Groenlandia: un'economia tra sussidi e gamberetti
Articolo del “Wall Street Journal” – dalla rassegna stampa estera di “Epr comunicazione”
pescatori al porto di nuuk groenlandia
Se il Presidente Trump dovesse acquisire la Groenlandia, si troverebbe a gestire un'economia a crescita lenta, fortemente dipendente da oltre 1 miliardo di dollari di sussidi annuali garantiti dalla Danimarca e trainata principalmente dalla vendita di gamberetti.
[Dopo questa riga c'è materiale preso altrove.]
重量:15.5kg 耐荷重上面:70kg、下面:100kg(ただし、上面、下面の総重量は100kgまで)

Nonostante l'isola sia ambita per la sua posizione strategica e le riserve minerarie ancora intatte sotto il ghiaccio, la realtà economica attuale è legata alla pesca e a una recente ondata di investimenti aeroportuali che però sta rallentando, portando l'economia a una fase di stagnazione nel 2025.
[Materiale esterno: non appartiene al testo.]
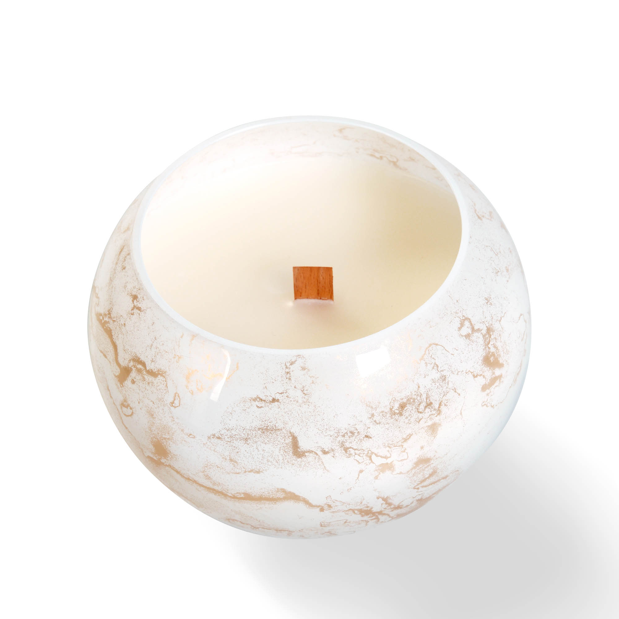 Świeca francuska marki VanderGroff – VG Świeca Francuska/White została wyprodukowana z najwyższej jakości szkła i zdobiona ręcznie. Wykonana w delikatne bieli ze złotym marmurem, który wnosi do wnętrza blask i elegancję. Jej delikatny wygląd doskonale wpasowuje się w różne style wnętrzarskie, od skandynawskiego po boho. Idealny do wnętrz i przestrzeni zewnętrznych, tworząc ciepły, kojący klimat. Perfekcyjny wybór na wieczorne chwile relaksu lub wyjątkowe okazje w gronie bliskich. Świeca zawiera 500 g wysokiej jakości wosku zapachowego o wyjątkowym aromacie perfum SummerShine by VanderGroff. Ten luksusowy zapach wprowadzi do Twojego wnętrza niesamowitą aurę pełną świeżości i elegancji, idealną do stworzenia przytulnej i relaksującej atmosfery.

La Groenlandia rappresenta oggi uno dei più grandi stati sociali al mondo. I suoi 57.000 abitanti, distribuiti lungo coste ostili e per l'80% coperte di ghiaccio, godono dei benefici della democrazia sociale danese come la sanità gratuita e scuole di alto livello.
La Danimarca fornisce un sussidio annuale che copre circa il 50% delle entrate governative e il 20% del PIL dell'isola, oltre a finanziare la polizia, i tribunali e la difesa. Se gli Stati Uniti sostituissero questo contributo, i residenti diventerebbero i maggiori beneficiari pro capite di fondi federali americani – scrive il WSJ.
porto di nuuk in groenlandia ricoperto di neve
Il sistema economico attuale soffre di una cronica mancanza di diversificazione, dato che il 98% delle esportazioni è costituito da prodotti ittici. Recentemente, il settore ha subito un duro colpo a causa del riscaldamento dei mari che ha ridotto gli stock di gamberetti.
Inoltre, l'isola deve affrontare disuguaglianze interne profonde: se nella capitale Nuuk gli standard di vita sono simili a quelli europei, negli insediamenti remoti i salari sono drasticamente più bassi. A ciò si aggiunge una crisi demografica causata dall'invecchiamento della popolazione e dalla fuga di cervelli verso la Danimarca, compensata in parte da un'immigrazione proveniente dall'Asia per coprire la carenza di manodopera.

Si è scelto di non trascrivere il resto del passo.